I'm afraid I don't have much else to return, because you understood what I was
going for in the fic, so...thank you, haha!

And of course, thank you for reading, as well.

~Tex

--------------------

You have received a reply from the author, brickbyboringbrick15, regarding the
review you posted for:

Title: The Chemical
Chapter: 1
Story URL: http://www.fanfiction.net/s/5925338/1/
Author URL: http://www.fanfiction.net/u/2263350/
--------------------

Well its my story so I can write what I want ACTUALLY. Just because YOU don't
like it that doesn't mean I'm going to change it. Get over yourself!

--------------------
Story: Inheritors
Chapter: 1. Chapter 1

From: brickbyboringbrick15 ( http://www.fanfiction.net/u/2263350/ )

-------------------

Wow. I almost fell asleep whilst reading this. The idea is stupid and boring.
Give up, because you're no good at writing. You don't have the right to insult
others because your writing is crap to.
-------------------

Story: Butterfly Wings
Chapter: 1. The Second Day

From: brickbyboringbrick15 ( http://www.fanfiction.net/u/2263350/ )

-------------------

Yawn.
-------------------
Story: Dämmerung
Chapter: 1. Chapter 1

From: brickbyboringbrick15 ( http://www.fanfiction.net/u/2263350/ )
-------------------

K this story is pathetic. Who the hell are you to insult me when your writing
is a load of crap in itself?
-------------------

Kinda weird how my flames seem to be getting progressively less detailed.


Name: keeyote
Profile: http://www.fanfiction.net/u/2338560/
--------------------

Subject: re: Your review to Heart of Gold, Soul of Silver: I've Got Neither

A response to your review at http://www.fanfiction.net/r/5925229/

I only posted the bio because I didn't want to have a huge background story, I
kind of just wanted to get right into it.

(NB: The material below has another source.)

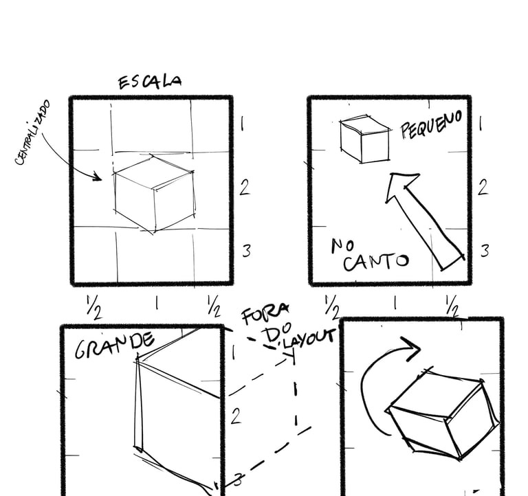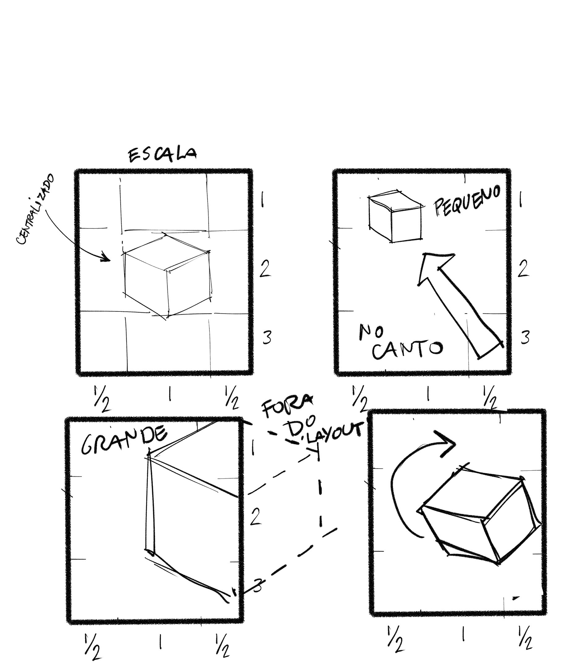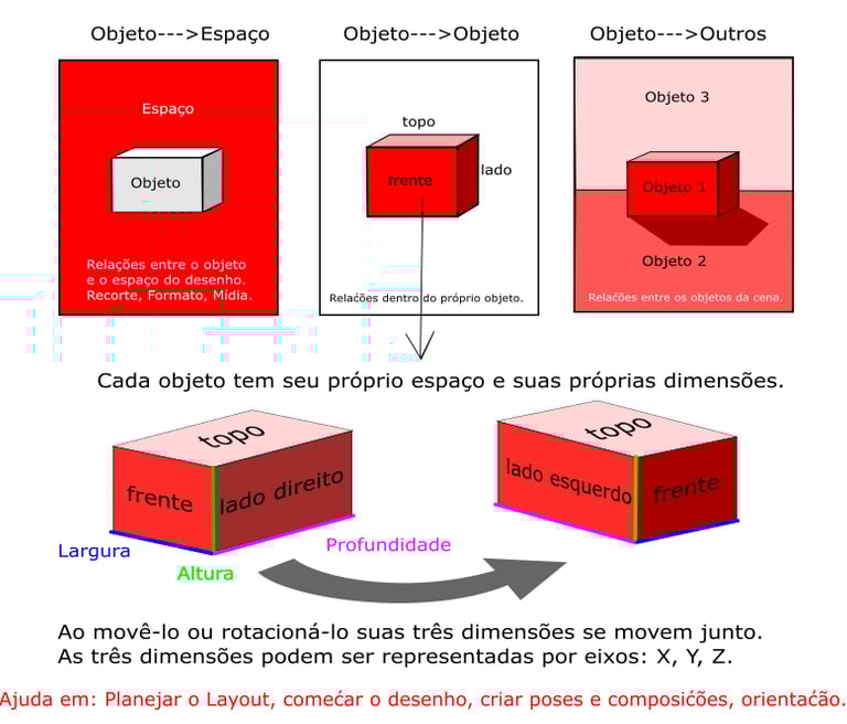 A relação OBJETO->ESPAÇO diz respeito à posição, escala e orientação do objeto dentro da área de composição, ou seja, dentro do formato; e faz parte da construção de “layouts” e cenas.

From what I heard, Pokemon is capitalized. So is things like Charizard. I've
never really thought why, but that's how it goes. That's the way Bulbapedia
does it at least.

I never really focused on paragraphing because I never wanted to get concerned
about all the rules of writing. Usually, I just want to get things done
without thinking about it, and since this isn't a serious writing, then I
don't believe I should focus too much on it. If it really is a problem, I
suppose I could fix it.

And finally, those quotes don't help me at all. I'm not really the smartest
person, so I would rather have things explained. Plus, Axel doesn't
necessarily think selling stolen goods are wrong, but selling a Pokemon. It's
almost like stealing a little girl's puppy.

--------------------

This is the "selling them is wrong, but stealing them for horrible experiments is okay!" one.

Name: ChocolateMilkLOL
Profile: http://www.fanfiction.net/u/2279499/
--------------------

Subject: re: Your review to A New Beginning

A response to your review at http://www.fanfiction.net/r/5906172/

Jeez u don't have to spaz... anyways if u want me to change the title then i
will also i know that the first chapter was too short... I'm writing
looooonger ones after that...

--------------------

Name: Ambitus of Umbra
Profile: http://www.fanfiction.net/u/1987030/
--------------------

Subject: re: Your review to Illusion of Sevii

Sorry, I don't want to start a grammar war but here I go. Pokémon and the
species themselves are all treated as proper nouns. I'll fix the your/you're
switch now. Also, I will cut down on the dialogue a little bit.